Intuitivamente, não me pareceu que isto fosse possível. Sou entusiasta, gosto de dar uma oportunidade a todas as ideias mas, assassinos e violadores e a regeneração... verdade ou utopia? Ouvi tudo o que tinham a dizer nesses documentários e acho que é um erro encarar o desejo de ter sexo com crianças uma doença. Não é doença. É normalidade. Para eles, é normalidade. Não conseguem não ter esses impulsos. Assim como quem nasce homossexual não consegue não ter esse impulso, o mesmo acontece para a pedofilia. É uma perspectiva que faz sentido. Não é doença ser homossexual e é um comportamento aceitável em sociedade, que implica apenas amor entre pessoas do mesmo género. O que se passa no cérebro do pedófilo é que ele só se sente sexualmente atraído por crianças. Estas não se sentem sexualmente atraídas por ninguém. São vulneráveis, indivíduos ainda em crescimento, que não sabem o que lhes está a acontecer e não têm escolha. É algo que lhes acontece, algo que lhes é feito. E é aqui que se entra na violação dos direitos. Bebés, crianças e adolescentes são vítimas de um "jogo predador" ou simplesmente de um impulso oportuno.
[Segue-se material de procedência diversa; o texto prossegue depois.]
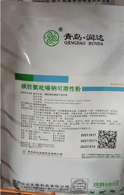 1、30%磺胺氯吡嗪鈉+碳酸氫鈉,各100g可拌料2包(160斤),停水2-3小時,按全天飼料量的1/2飲水量喂水。一天一次,第一天倍量,連用三天。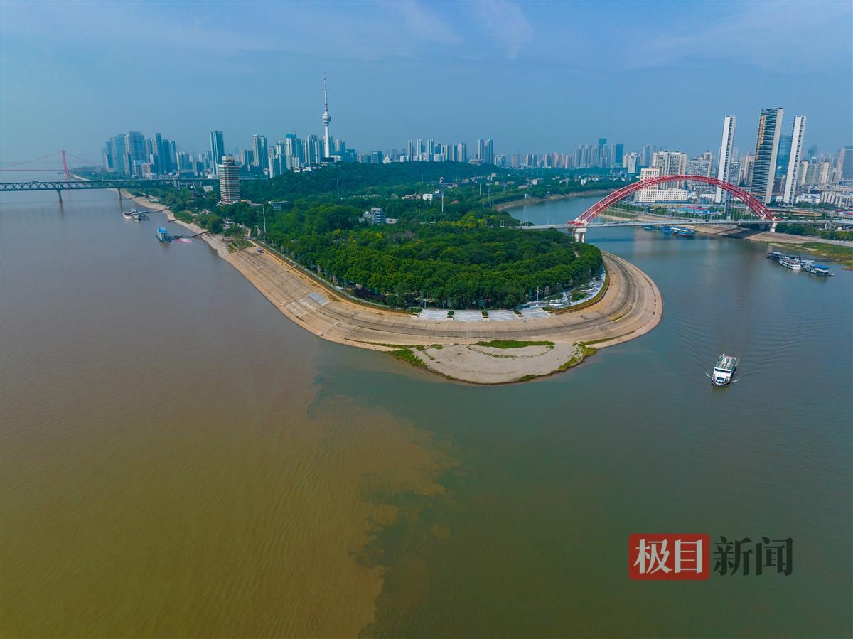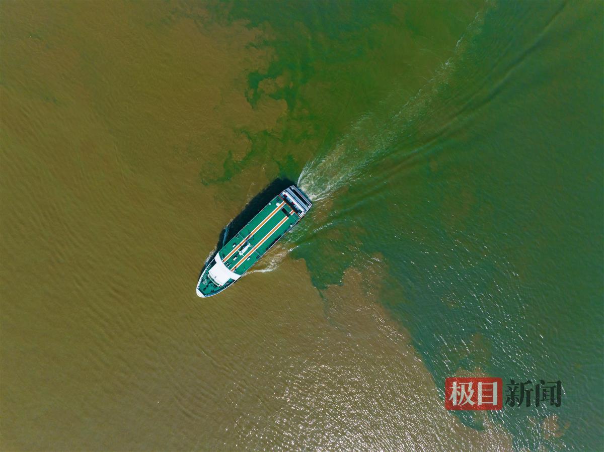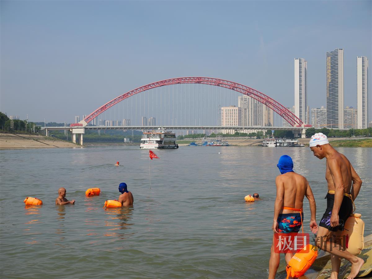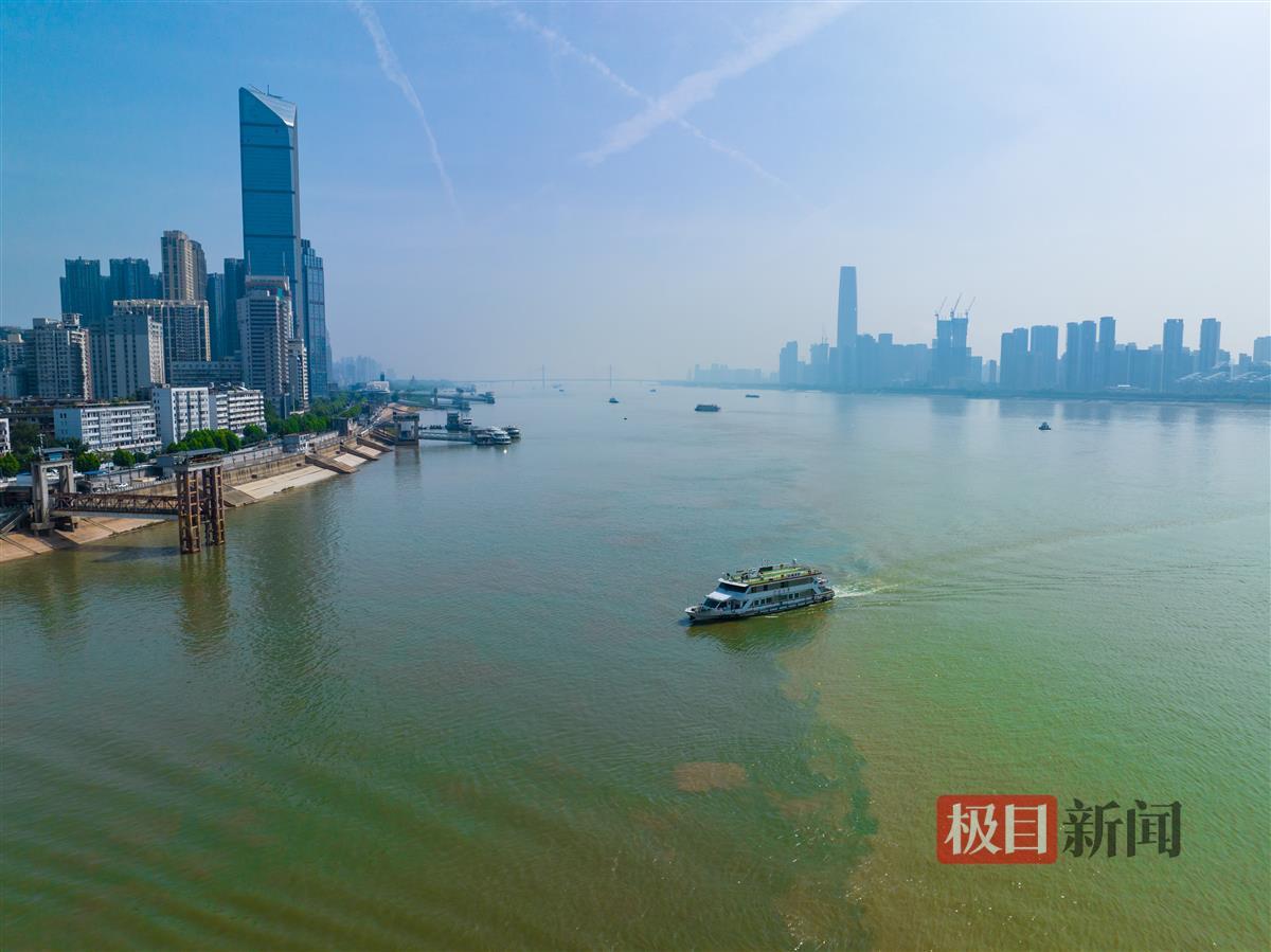 极目新闻记者在汉口龙王庙两江交汇处看到,由于上游流量上升,携带泥沙量增多,长江水颜色明显偏黄,与偏绿的汉江水形成“泾渭分明”的对比效果。集家嘴码头附近,不少游泳爱好者在汉江中戏水。

Não estou a defender a pedofilia nem os pedófilos. Apenas acho que o conceito de "doença" deve ser irradicado, porque induz a erro, desculpabiliza o criminoso(?) e implica a existência de uma cura. Assim como não acredito que quem nasce homossexual deixe de o ser, não acredito que quem nasce pedófilo deixe de o ser. São inclinações sexuais, assim como a bestialidade. Por esta razão, a abordagem que fazemos do assunto deve ser outra. Curas? Tratamentos atenuantes, talvez existam e sejam eficazes. Mas duvido que um indivíduo que deseje crianças sexualmente possa inverter a situação. O que acontece é que tem de se incutir estilos de vida e consciencializar e supervisionar. Quem nasce pedófilo deve perceber que nasce com uma condição inaceitável na sociedade, que lhe é normal, mas que não tem o direito de levar adiante. Porque é criminosa, tanto quanto é o acto de tirar a vida a alguém intencionalmente. Tem de encarar-se como se fosse um indivíduo que nasce mortalmente alérgico ao glúten. Se tocar em algo com glúten, morre. "Fruto" proibido para sempre.